TASK REQUIREMENTS
Your answer must be only the lines below from the one containing "vagy nindzsa pályává." through the one containing "SSD、メモリー、ビデオカー", copied exactly, with the pictures left out.

[Dataset records]

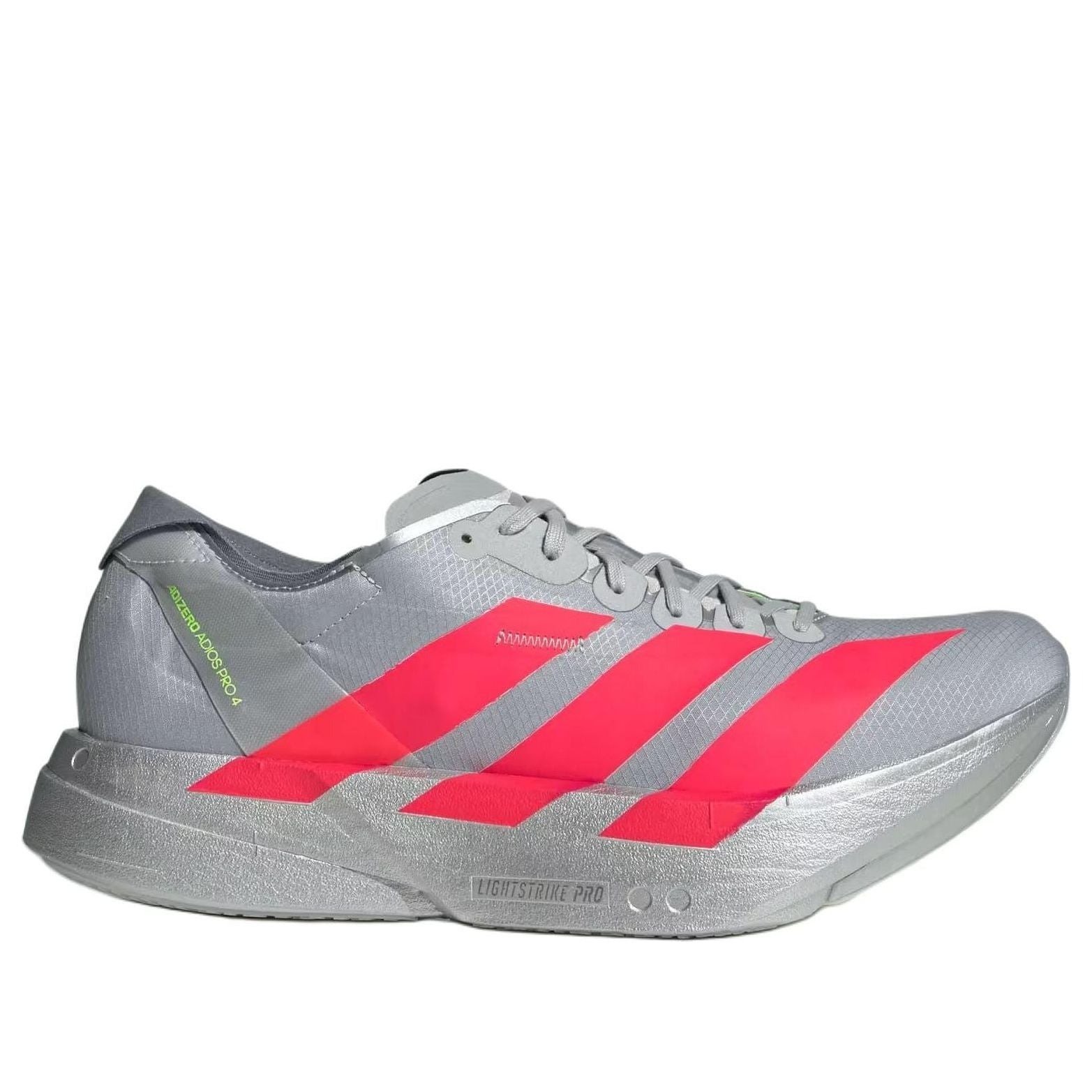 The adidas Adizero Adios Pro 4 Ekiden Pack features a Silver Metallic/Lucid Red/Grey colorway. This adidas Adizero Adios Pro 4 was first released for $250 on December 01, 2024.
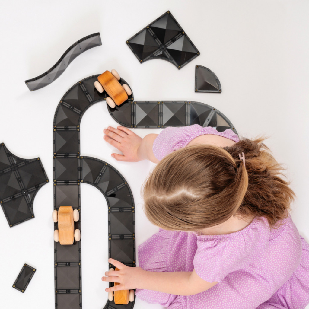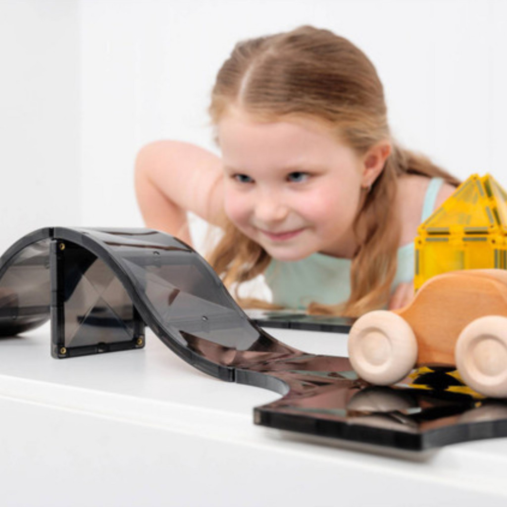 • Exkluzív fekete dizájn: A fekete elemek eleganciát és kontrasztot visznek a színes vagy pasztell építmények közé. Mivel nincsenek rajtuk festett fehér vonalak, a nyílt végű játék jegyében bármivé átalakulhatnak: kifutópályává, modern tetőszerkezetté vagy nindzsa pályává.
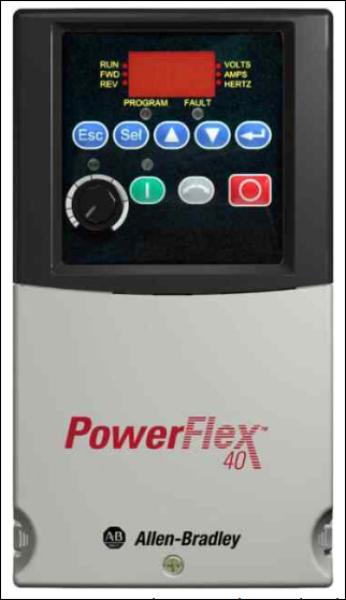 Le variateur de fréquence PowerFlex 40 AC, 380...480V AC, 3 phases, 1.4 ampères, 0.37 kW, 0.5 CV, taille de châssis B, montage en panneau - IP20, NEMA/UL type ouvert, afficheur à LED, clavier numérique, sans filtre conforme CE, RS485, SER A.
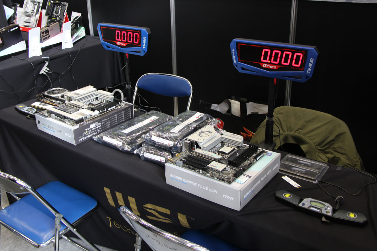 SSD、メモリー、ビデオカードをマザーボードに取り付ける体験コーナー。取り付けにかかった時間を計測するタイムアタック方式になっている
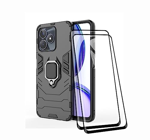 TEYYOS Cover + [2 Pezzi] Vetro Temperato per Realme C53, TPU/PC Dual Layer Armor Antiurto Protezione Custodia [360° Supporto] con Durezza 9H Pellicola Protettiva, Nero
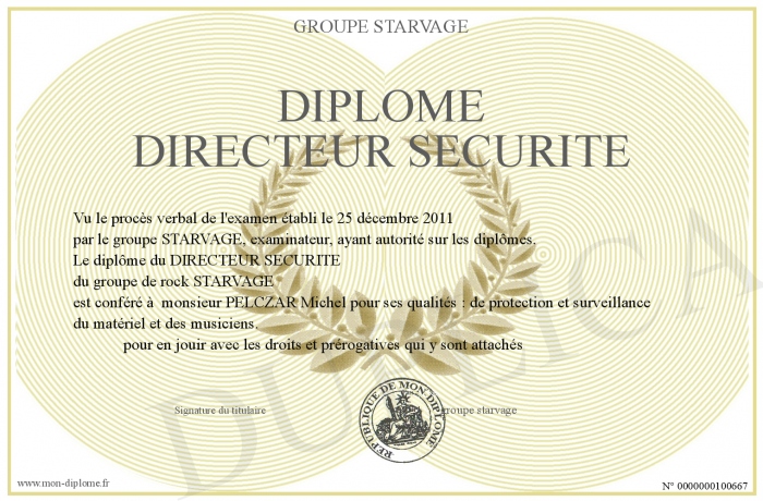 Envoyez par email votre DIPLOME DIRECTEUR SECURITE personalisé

RESULT FOR THIS EXERCISE
 • Exkluzív fekete dizájn: A fekete elemek eleganciát és kontrasztot visznek a színes vagy pasztell építmények közé. Mivel nincsenek rajtuk festett fehér vonalak, a nyílt végű játék jegyében bármivé átalakulhatnak: kifutópályává, modern tetőszerkezetté vagy nindzsa pályává.
 Le variateur de fréquence PowerFlex 40 AC, 380...480V AC, 3 phases, 1.4 ampères, 0.37 kW, 0.5 CV, taille de châssis B, montage en panneau - IP20, NEMA/UL type ouvert, afficheur à LED, clavier numérique, sans filtre conforme CE, RS485, SER A.
 SSD、メモリー、ビデオカードをマザーボードに取り付ける体験コーナー。取り付けにかかった時間を計測するタイムアタック方式になっている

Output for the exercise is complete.